— WHAT IS BEING ASKED —
Could the listing be repeated exactly, with every picture dropped?

— INPUT DATA —
'''

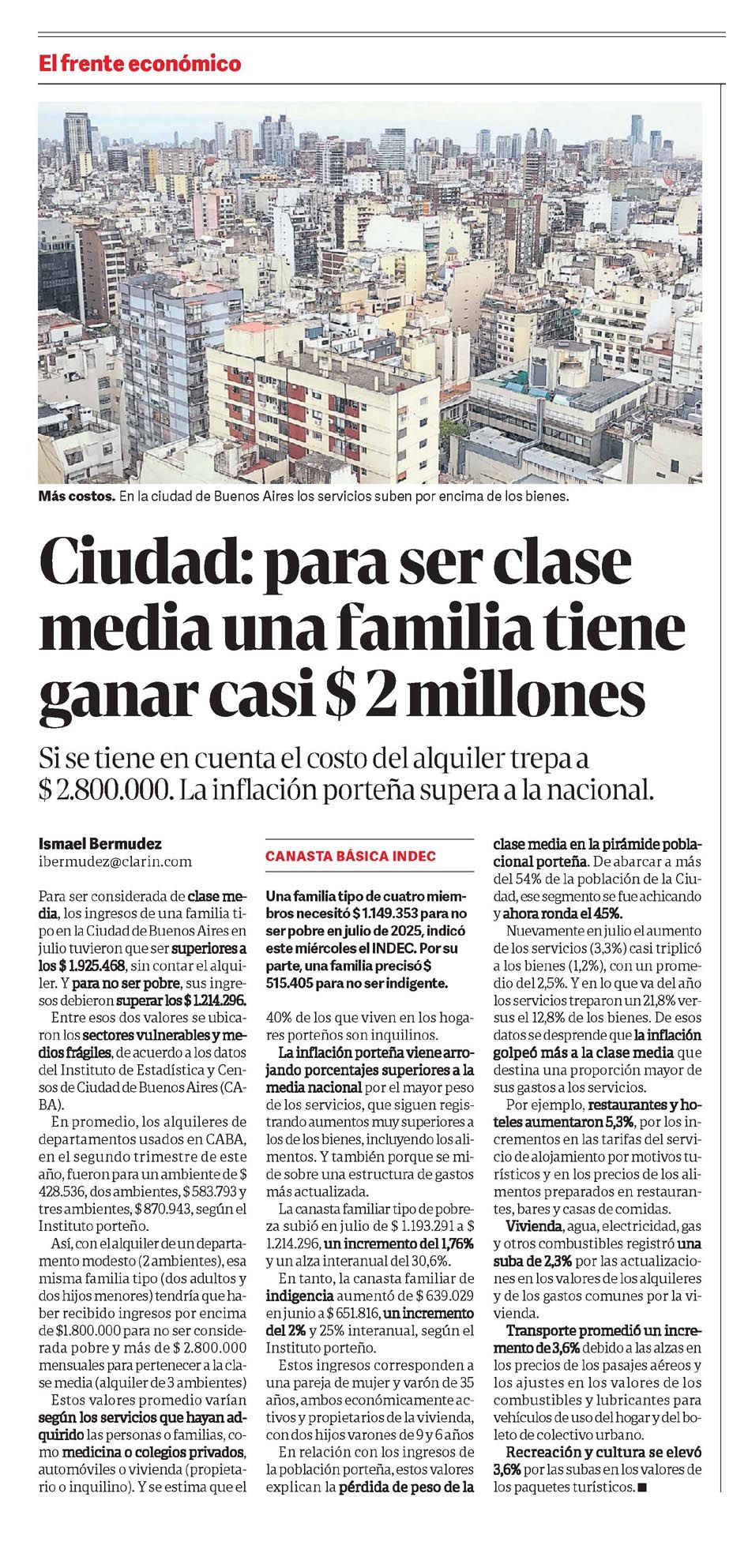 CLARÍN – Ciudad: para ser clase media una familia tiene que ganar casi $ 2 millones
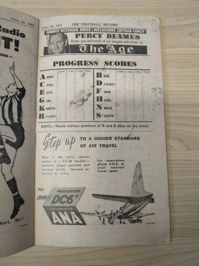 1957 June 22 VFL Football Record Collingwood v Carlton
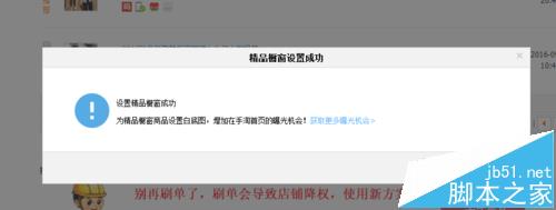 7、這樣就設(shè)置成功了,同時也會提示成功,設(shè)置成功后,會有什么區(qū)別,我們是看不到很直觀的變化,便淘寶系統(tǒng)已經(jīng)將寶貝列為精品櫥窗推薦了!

'''

— RESPONSE FOR THIS EXERCISE —
 CLARÍN – Ciudad: para ser clase media una familia tiene que ganar casi $ 2 millones
 1957 June 22 VFL Football Record Collingwood v Carlton
 7、這樣就設(shè)置成功了,同時也會提示成功,設(shè)置成功后,會有什么區(qū)別,我們是看不到很直觀的變化,便淘寶系統(tǒng)已經(jīng)將寶貝列為精品櫥窗推薦了!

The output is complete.